» Activity: Copy everything in the data below exactly except the pictures.

Top of Given material

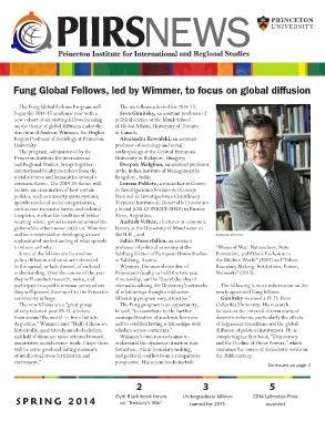 Fung Global Fellows, led by Wimmer, to focus on global diffusion The Fung Global Fellows Program will The six fellows selected for 2014-15: begin the 2014-15 academic year with a Seva Gunitsky, an assistant professor of new cohort of six visiting fellows focusing political science at the Munk School on the theme of global diffusion under the of Global Affairs, University of Toronto direction of Andreas Wimmer, the Hughes- in Canada; Rogers Professor of Sociology at Princeton Alexandra Kowalski, an assistant University. professor of sociology and social The program, administered by the anthropology at the Central European Princeton Institute for International University in Budapest, Hungary; and Regional Studies, brings together Deepak Malghan, an assistant professor international faculty members from the at the Indian Institute of Management in social sciences and humanities around a Bangalore, India; common theme. The 2014-15 theme will Lorena Poblete, a researcher at Centro include an examination of how certain de Investigaciones Sociales del Consejo policies, such as minority quota systems; Nacional de Investigaciones Científicas y specific modes of social categorization, Técnicas/Instituto de Desarrollo Económico such as race in census forms; and cultural y Social (CIS-CONICET/IDES) in Buenos templates, such as the tradition of brides Aires, Argentina; wearing white, spread to nations around the Aashish Velkar, a lecturer in economic globe while others never catch on. Wimmer history at the University of Manchester in said he is interested in developing a more the U.K.; and Andreas Wimmer sophisticated understanding of what spreads Fabio Wasserfallen, an assistant to where and why. professor of political economy at the “Waves of War: Nationalism, State Some of the fellows are focused on Salzburg Center of European Union Studies Formation, and Ethnic Exclusion in policy diffusion and some are interested in Salzburg, Austria. the Modern World” (2013) and “Ethnic in the spread, or lack thereof, of cultural Wimmer, the second member of Boundary Making: Institutions, Power, understanding. Over the course of the year Princeton’s faculty to hold the two-year Networks” (2013). they will conduct research, write, and directorship, said he “found the idea of participate in a public seminar series where internationalizing the University’s networks The following is more information on the they will present their work to the Princeton of relationships though a midcareer newly appointed Fung fellows: community at large. fellowship program very attractive.” Gunitsky received a Ph.D. from The new fellows are a “great group The Fung program is an opportunity, Columbia University. His research of very talented post-Ph.D. scholars he said, “to contribute to the further focuses on the external determinants of from around the world — from India to cosmopolitization of academic horizons domestic reforms, particularly the effects Argentina,” Wimmer said. “Half of them are and to establish lasting relationships with of hegemonic transitions and the global historically, qualitatively minded scholars, scholars across continents.” diffusion of political institutions. He is and half of them are more oriented toward Wimmer’s own research aims to completing his first book, “Democracy quantitative social science work. I hope there understand the dynamics of nation-state and the Decline of Great Powers,” which will be some good and lasting moments formation, ethnic boundary making, examines the causes of democratic waves in of intellectual cross-fertilization and and political conflict from a comparative the 20th century. excitement.” perspective. His recent books include Continued on page 4 2 3 5 S P R IN G 2 0 1 4 Cyril Black book forum Undergraduate fellows 2014 Labouisse Prize on ‘Treasury’s War’ awarded named for 2015
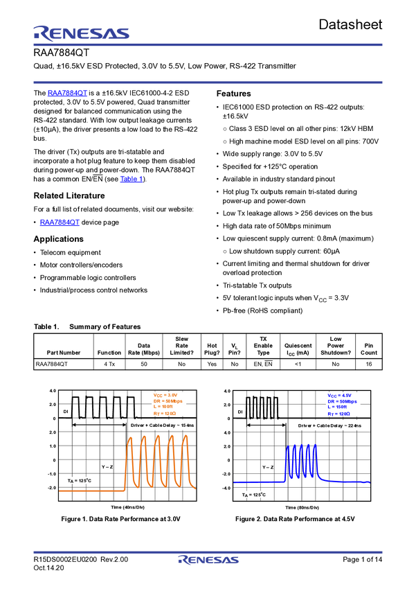RAA7884QT Quad, ±16.5kV ESD Protected, 3.0V to 5.5V, Low Power, RS-422 Transmitter
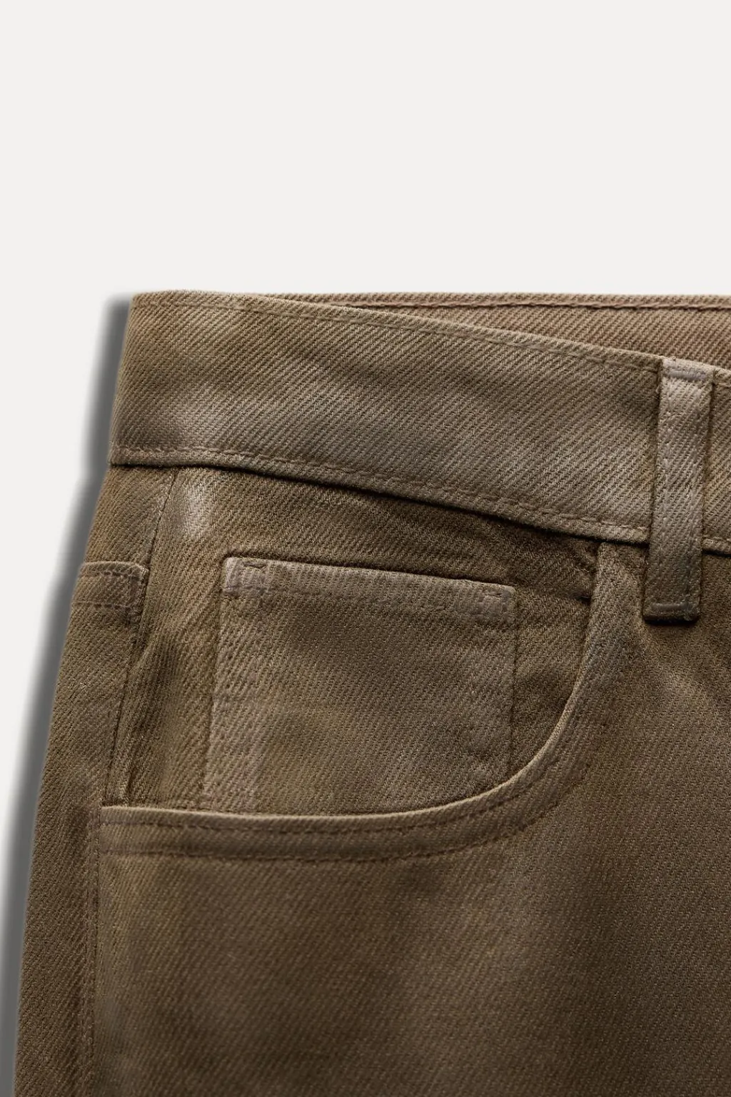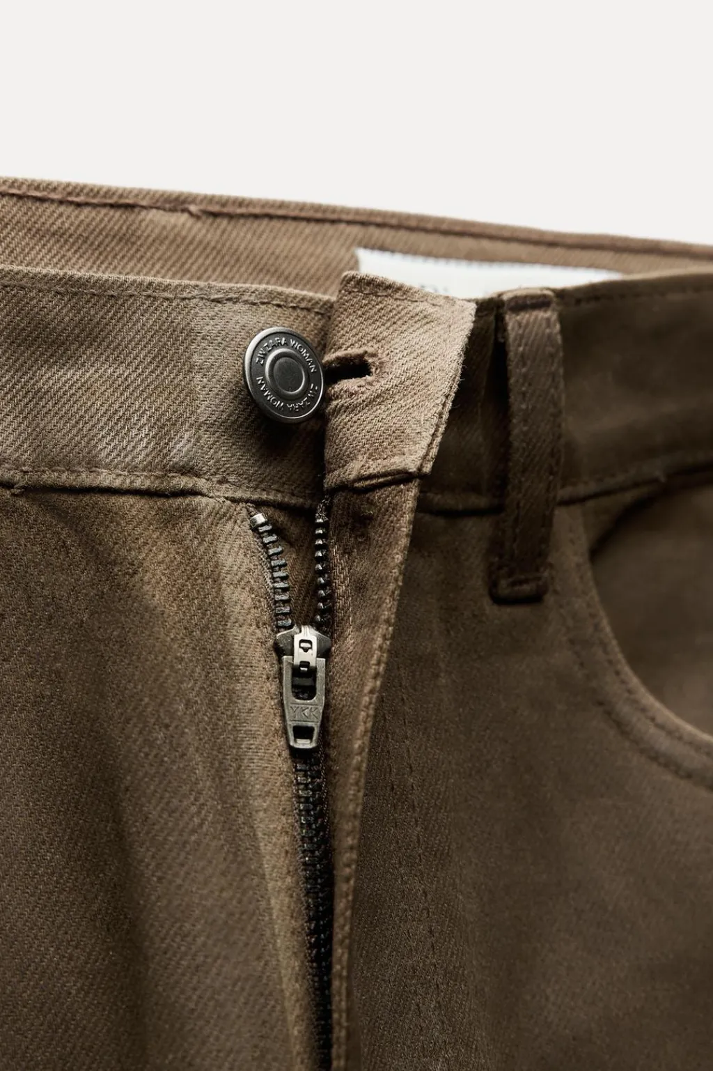 Jeans de tiro medio y cintura con trabillas. Cinco bolsillos. Pierna recta. Cierre frontal con cremallera y botón.

Bottom of Given material

» Solution for this task:
 Fung Global Fellows, led by Wimmer, to focus on global diffusion The Fung Global Fellows Program will The six fellows selected for 2014-15: begin the 2014-15 academic year with a Seva Gunitsky, an assistant professor of new cohort of six visiting fellows focusing political science at the Munk School on the theme of global diffusion under the of Global Affairs, University of Toronto direction of Andreas Wimmer, the Hughes- in Canada; Rogers Professor of Sociology at Princeton Alexandra Kowalski, an assistant University. professor of sociology and social The program, administered by the anthropology at the Central European Princeton Institute for International University in Budapest, Hungary; and Regional Studies, brings together Deepak Malghan, an assistant professor international faculty members from the at the Indian Institute of Management in social sciences and humanities around a Bangalore, India; common theme. The 2014-15 theme will Lorena Poblete, a researcher at Centro include an examination of how certain de Investigaciones Sociales del Consejo policies, such as minority quota systems; Nacional de Investigaciones Científicas y specific modes of social categorization, Técnicas/Instituto de Desarrollo Económico such as race in census forms; and cultural y Social (CIS-CONICET/IDES) in Buenos templates, such as the tradition of brides Aires, Argentina; wearing white, spread to nations around the Aashish Velkar, a lecturer in economic globe while others never catch on. Wimmer history at the University of Manchester in said he is interested in developing a more the U.K.; and Andreas Wimmer sophisticated understanding of what spreads Fabio Wasserfallen, an assistant to where and why. professor of political economy at the “Waves of War: Nationalism, State Some of the fellows are focused on Salzburg Center of European Union Studies Formation, and Ethnic Exclusion in policy diffusion and some are interested in Salzburg, Austria. the Modern World” (2013) and “Ethnic in the spread, or lack thereof, of cultural Wimmer, the second member of Boundary Making: Institutions, Power, understanding. Over the course of the year Princeton’s faculty to hold the two-year Networks” (2013). they will conduct research, write, and directorship, said he “found the idea of participate in a public seminar series where internationalizing the University’s networks The following is more information on the they will present their work to the Princeton of relationships though a midcareer newly appointed Fung fellows: community at large. fellowship program very attractive.” Gunitsky received a Ph.D. from The new fellows are a “great group The Fung program is an opportunity, Columbia University. His research of very talented post-Ph.D. scholars he said, “to contribute to the further focuses on the external determinants of from around the world — from India to cosmopolitization of academic horizons domestic reforms, particularly the effects Argentina,” Wimmer said. “Half of them are and to establish lasting relationships with of hegemonic transitions and the global historically, qualitatively minded scholars, scholars across continents.” diffusion of political institutions. He is and half of them are more oriented toward Wimmer’s own research aims to completing his first book, “Democracy quantitative social science work. I hope there understand the dynamics of nation-state and the Decline of Great Powers,” which will be some good and lasting moments formation, ethnic boundary making, examines the causes of democratic waves in of intellectual cross-fertilization and and political conflict from a comparative the 20th century. excitement.” perspective. His recent books include Continued on page 4 2 3 5 S P R IN G 2 0 1 4 Cyril Black book forum Undergraduate fellows 2014 Labouisse Prize on ‘Treasury’s War’ awarded named for 2015
RAA7884QT Quad, ±16.5kV ESD Protected, 3.0V to 5.5V, Low Power, RS-422 Transmitter
 Jeans de tiro medio y cintura con trabillas. Cinco bolsillos. Pierna recta. Cierre frontal con cremallera y botón.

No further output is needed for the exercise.